Description of the task: Please restate, exactly as they appear, only the lines from the one that contains "believe in themselves." to the final line of the entries, with no pictures.

---

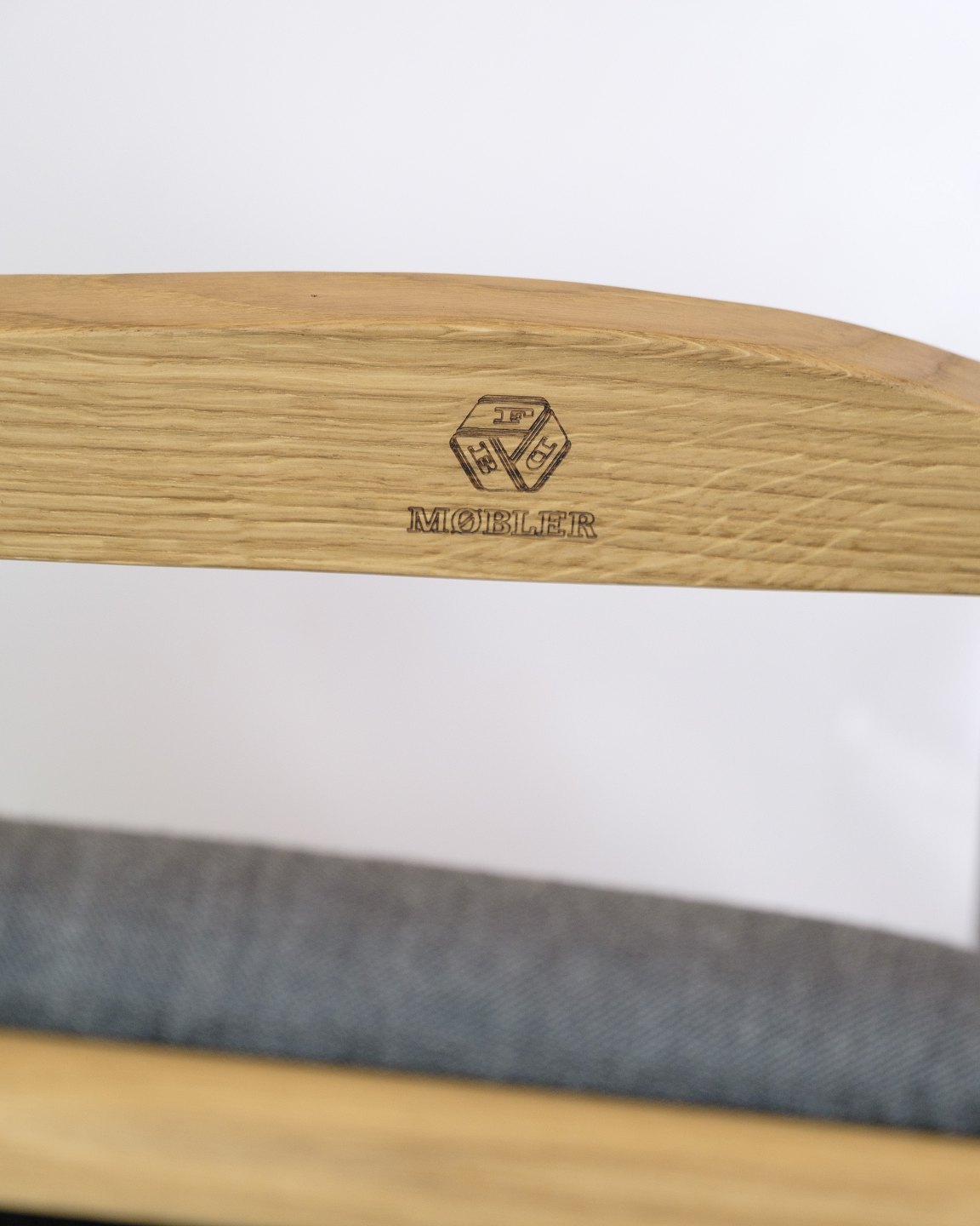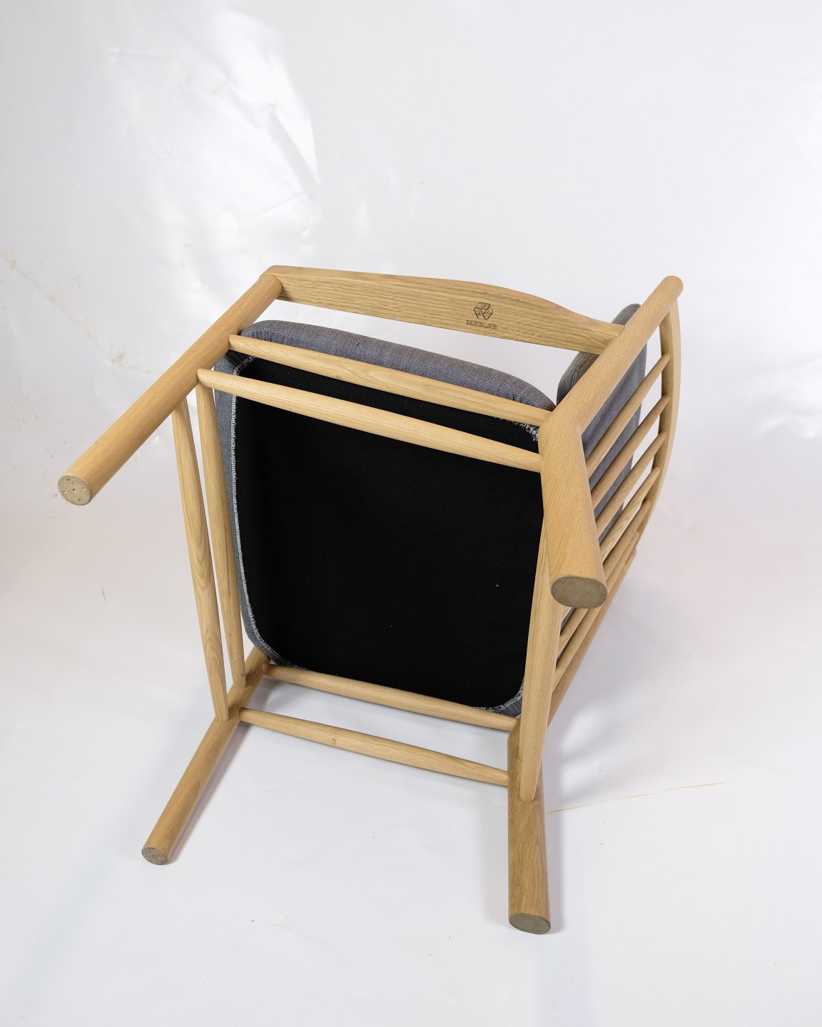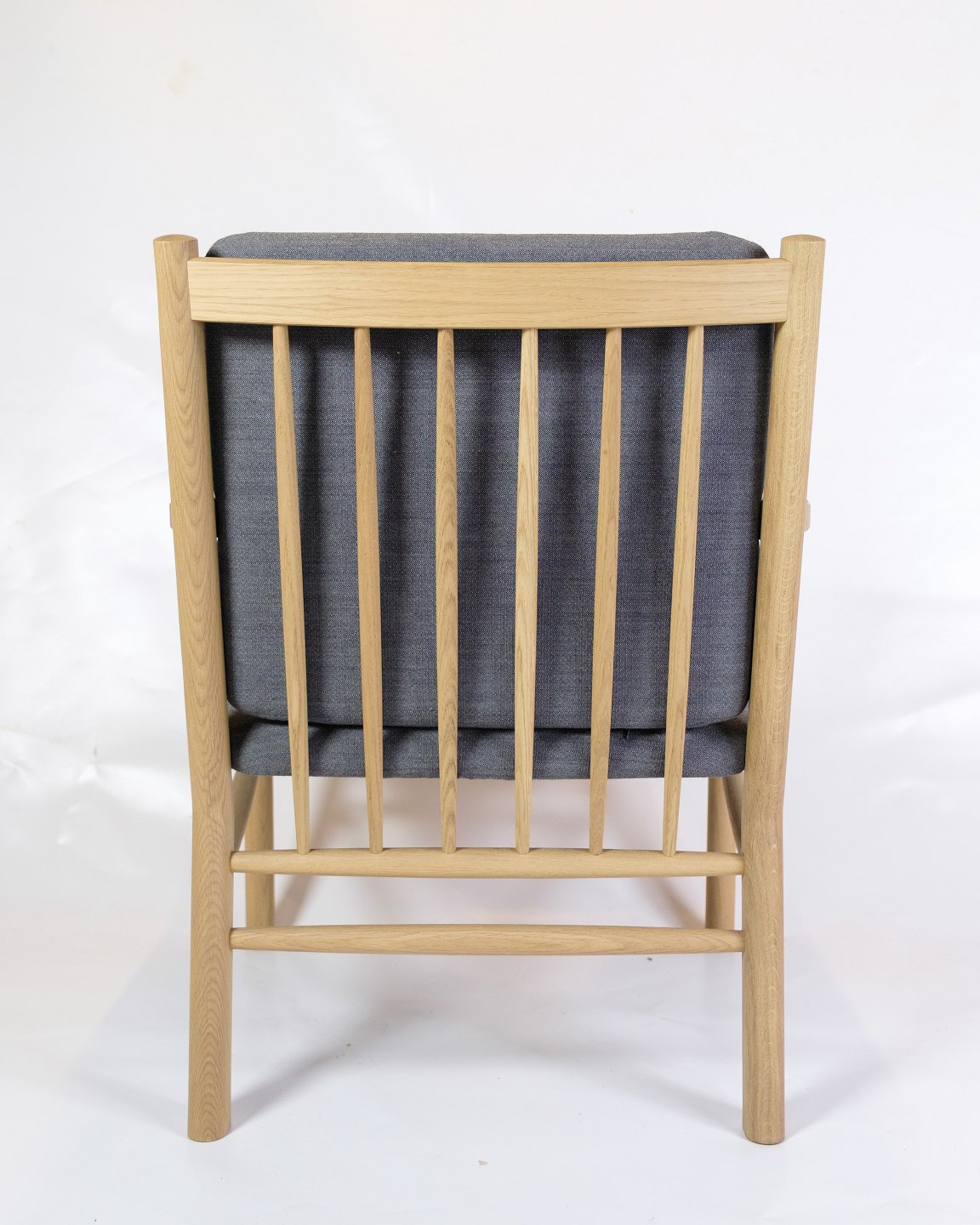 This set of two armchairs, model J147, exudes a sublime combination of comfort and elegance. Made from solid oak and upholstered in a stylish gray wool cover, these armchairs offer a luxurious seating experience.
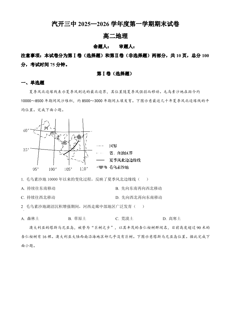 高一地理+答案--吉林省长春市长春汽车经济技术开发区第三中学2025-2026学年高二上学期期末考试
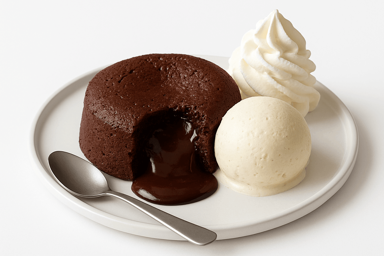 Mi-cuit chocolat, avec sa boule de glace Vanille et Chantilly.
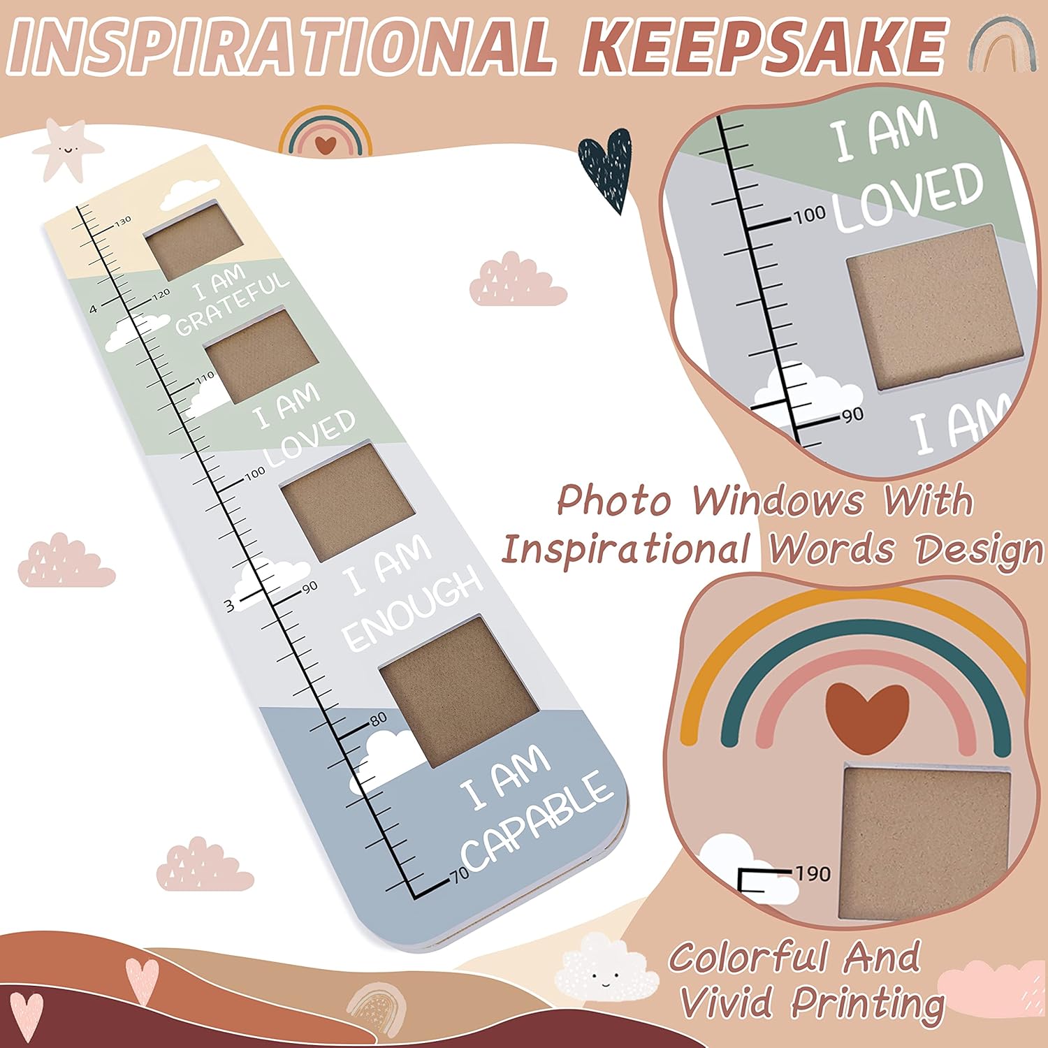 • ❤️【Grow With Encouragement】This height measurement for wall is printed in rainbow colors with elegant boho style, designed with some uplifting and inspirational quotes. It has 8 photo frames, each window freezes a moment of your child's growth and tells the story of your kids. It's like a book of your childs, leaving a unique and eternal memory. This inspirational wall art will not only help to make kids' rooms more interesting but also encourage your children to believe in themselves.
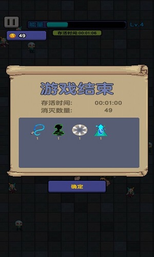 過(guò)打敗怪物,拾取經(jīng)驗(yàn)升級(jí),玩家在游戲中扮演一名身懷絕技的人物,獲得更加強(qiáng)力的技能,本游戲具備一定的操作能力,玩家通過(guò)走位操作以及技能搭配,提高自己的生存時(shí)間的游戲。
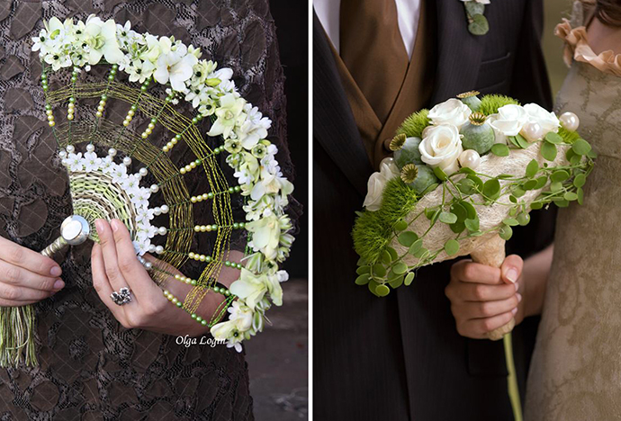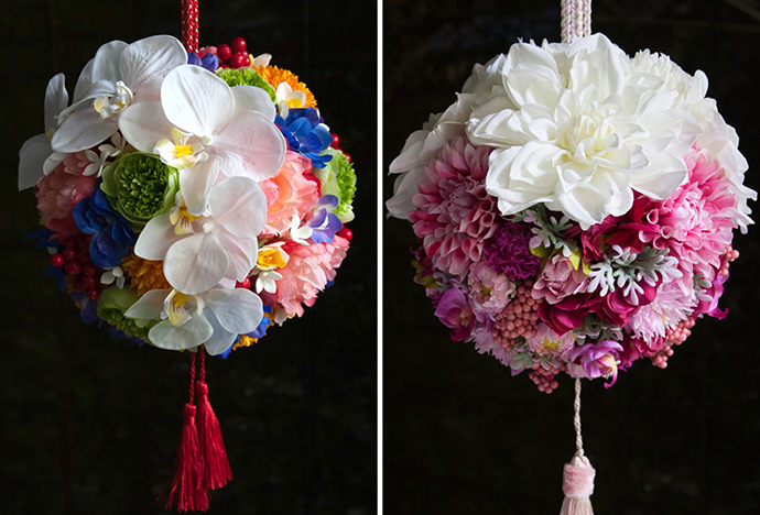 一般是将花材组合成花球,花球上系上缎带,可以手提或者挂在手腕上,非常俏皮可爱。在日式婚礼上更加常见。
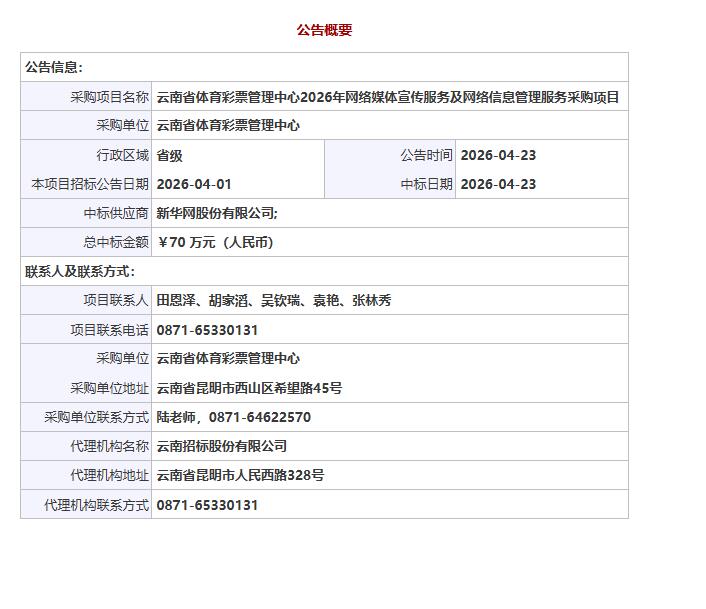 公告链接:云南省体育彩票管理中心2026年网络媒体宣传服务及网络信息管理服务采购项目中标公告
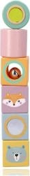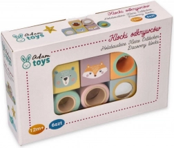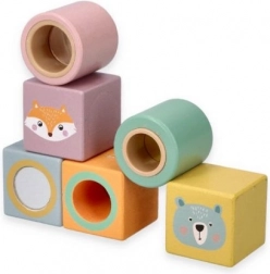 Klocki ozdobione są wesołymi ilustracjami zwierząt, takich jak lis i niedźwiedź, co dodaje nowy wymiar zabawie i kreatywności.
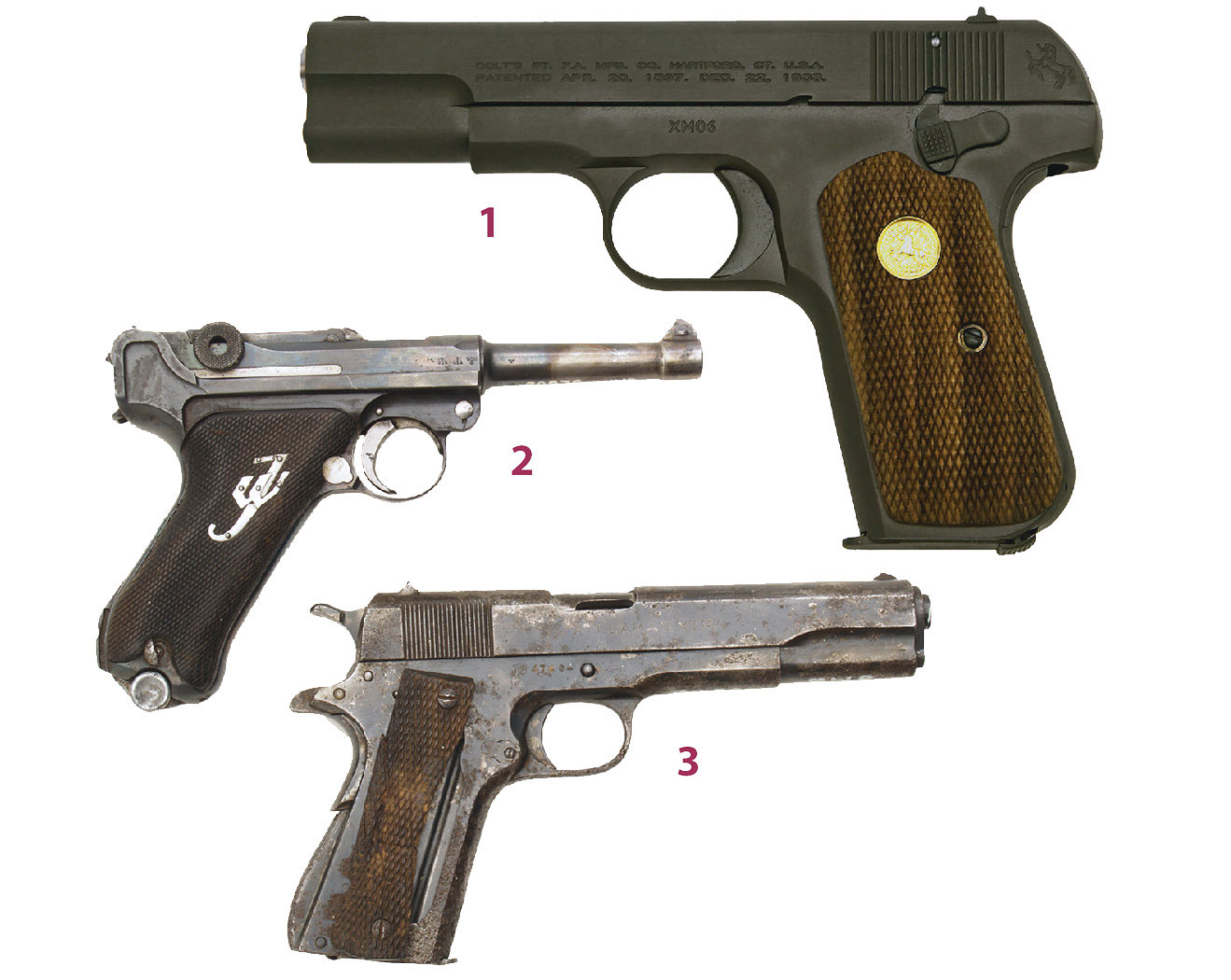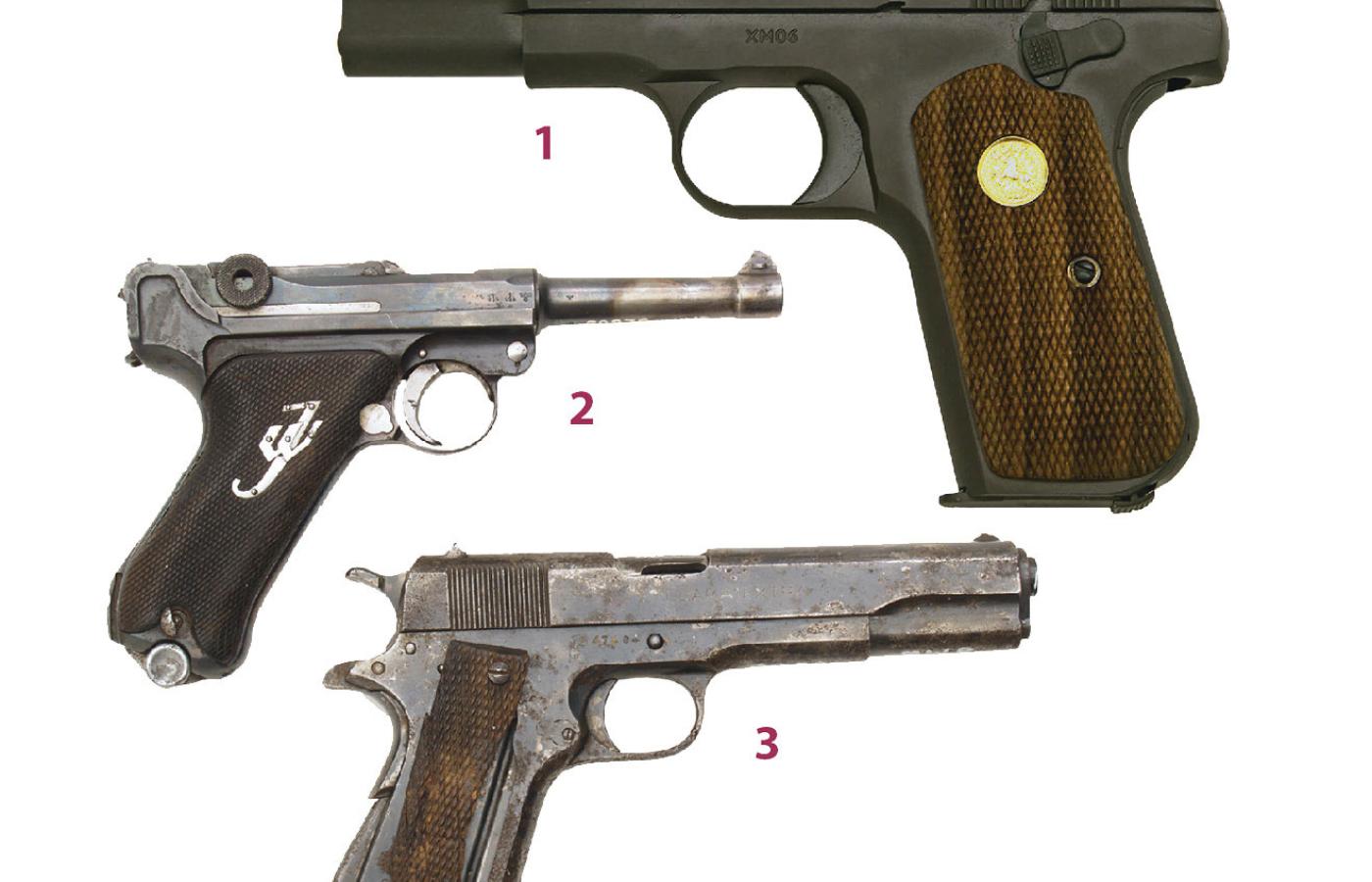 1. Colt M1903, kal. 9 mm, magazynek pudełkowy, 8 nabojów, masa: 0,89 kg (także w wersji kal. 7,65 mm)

---

Your solution:
 • ❤️【Grow With Encouragement】This height measurement for wall is printed in rainbow colors with elegant boho style, designed with some uplifting and inspirational quotes. It has 8 photo frames, each window freezes a moment of your child's growth and tells the story of your kids. It's like a book of your childs, leaving a unique and eternal memory. This inspirational wall art will not only help to make kids' rooms more interesting but also encourage your children to believe in themselves.
 過(guò)打敗怪物,拾取經(jīng)驗(yàn)升級(jí),玩家在游戲中扮演一名身懷絕技的人物,獲得更加強(qiáng)力的技能,本游戲具備一定的操作能力,玩家通過(guò)走位操作以及技能搭配,提高自己的生存時(shí)間的游戲。
 一般是将花材组合成花球,花球上系上缎带,可以手提或者挂在手腕上,非常俏皮可爱。在日式婚礼上更加常见。
 公告链接:云南省体育彩票管理中心2026年网络媒体宣传服务及网络信息管理服务采购项目中标公告
 Klocki ozdobione są wesołymi ilustracjami zwierząt, takich jak lis i niedźwiedź, co dodaje nowy wymiar zabawie i kreatywności.
 1. Colt M1903, kal. 9 mm, magazynek pudełkowy, 8 nabojów, masa: 0,89 kg (także w wersji kal. 7,65 mm)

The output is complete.